The Danish study monitored the spread of 8,541 household infections between late December and early January, of which roughly a quarter were BA.2 cases. Researchers found that unvaccinated people were twice as susceptible to infection from BA.2 within a household, compared with BA.1.

Double-vaccinated individuals were 2.5 times more at risk of infection compared with the original version and triple-jabbed people were three-fold more likely to be infected. But BA.2 “[does] not increase its transmissibility from vaccinated individuals with breakthrough infections”, researchers added.

Separate findings from the UK Health Security Agency, published last week, found that while BA.2’s “growth advantage is currently substantial”, vaccines were equally effective against both versions of Omicron.

Mortenson said the virulence of the subtype was still unknown. However, he said the “limited” changes in Danish hospitalisations and deaths figures in recent weeks was “a source of comfort”. He said it suggested BA.2 was no more severe than BA.1.

Frederik Plesner Lyngse, a University of Copenhagen researcher and lead author of the study, said “one of the biggest questions” was whether BA.2 could rapidly reinfect people previously infected with the original version of Omicron.

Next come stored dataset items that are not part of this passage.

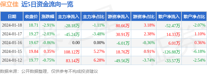 保立佳(301037)1月18日主力资金净卖出28.18万元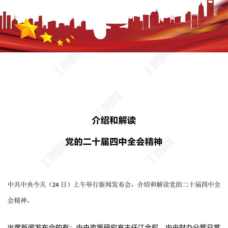 工圖網(wǎng)提供介紹與解讀二十屆四中全會精神PPT黨課課件(講稿)供會員免費下載。更多精彩黨課PPT素材,盡在工圖網(wǎng)。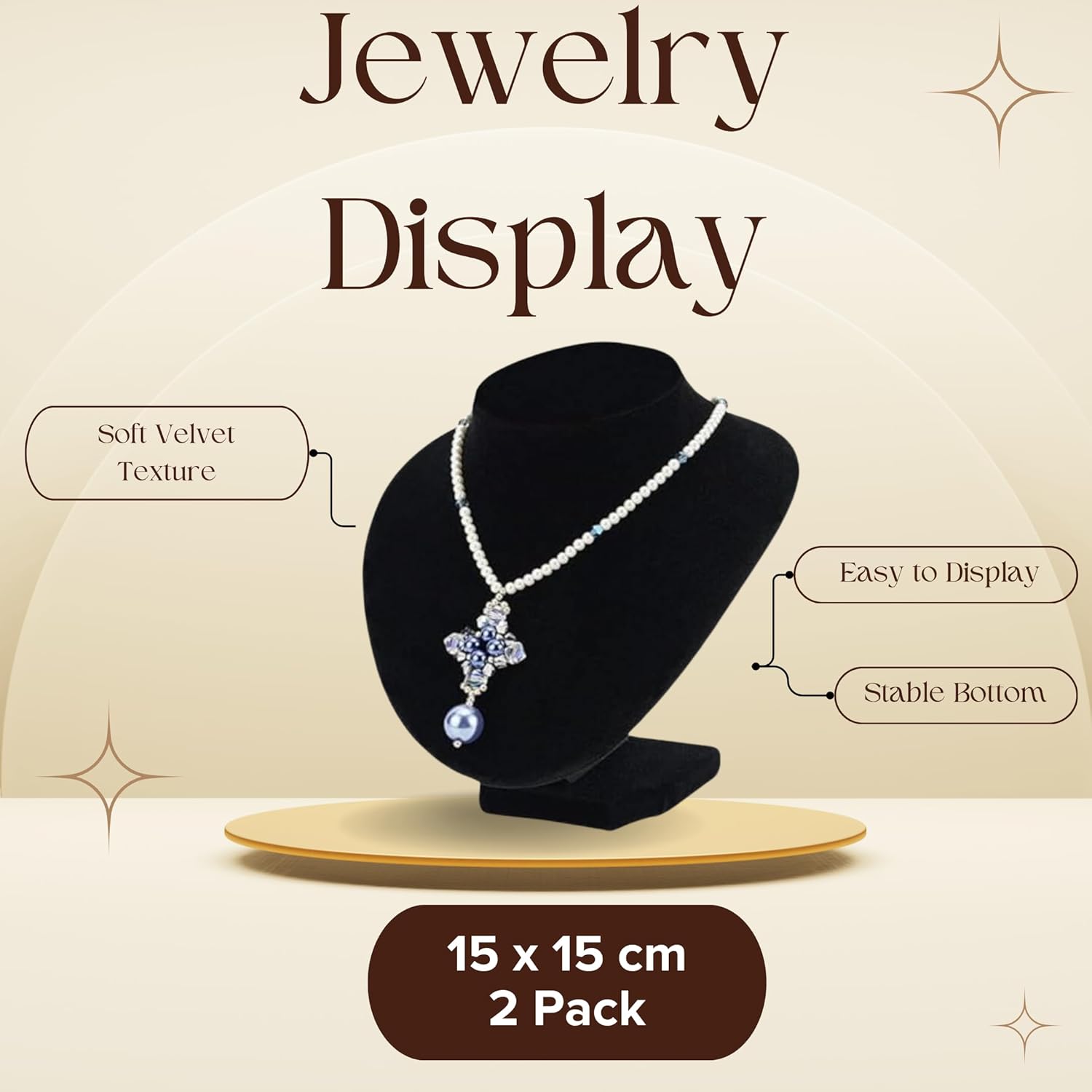 Ideal for Vendors and Personal Use: These 6-inch tall 15x15Hcm jewelry holder stands offer a sophisticated way to organize and display your necklaces collection.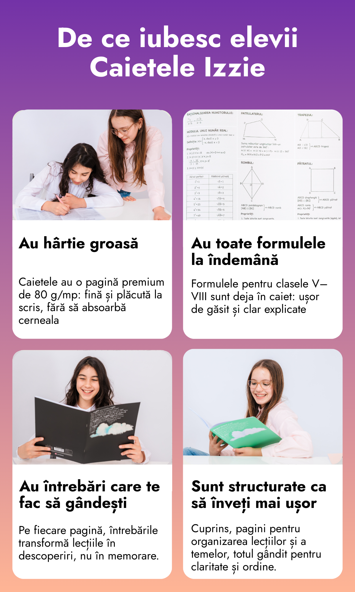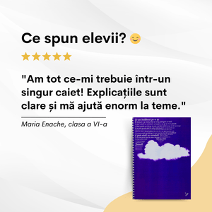 Comandă setul de 10 caiete interactive și primești GRATUIT pachetul de resurse în valoare de 90 lei: Teoria completă de 37 pagini (Mate + Română), formulele esențiale și stickerele motivaționale.

“If you . . . can get reinfected with BA.2 that would essentially allow this wave to keep on going longer than we would expect,” he said, adding that there was as yet no evidence of this as the research excluded people first infected in the 60 days prior to the study.

However, Prof Peter Garred, a clinical immunologist at Copenhagen’s Rigshospitalet, predicted Denmark and other highly vaccinated European countries would “manage BA.2 quite well”. But, he added, they “will have to watch out closely for waning immunity later in the year”.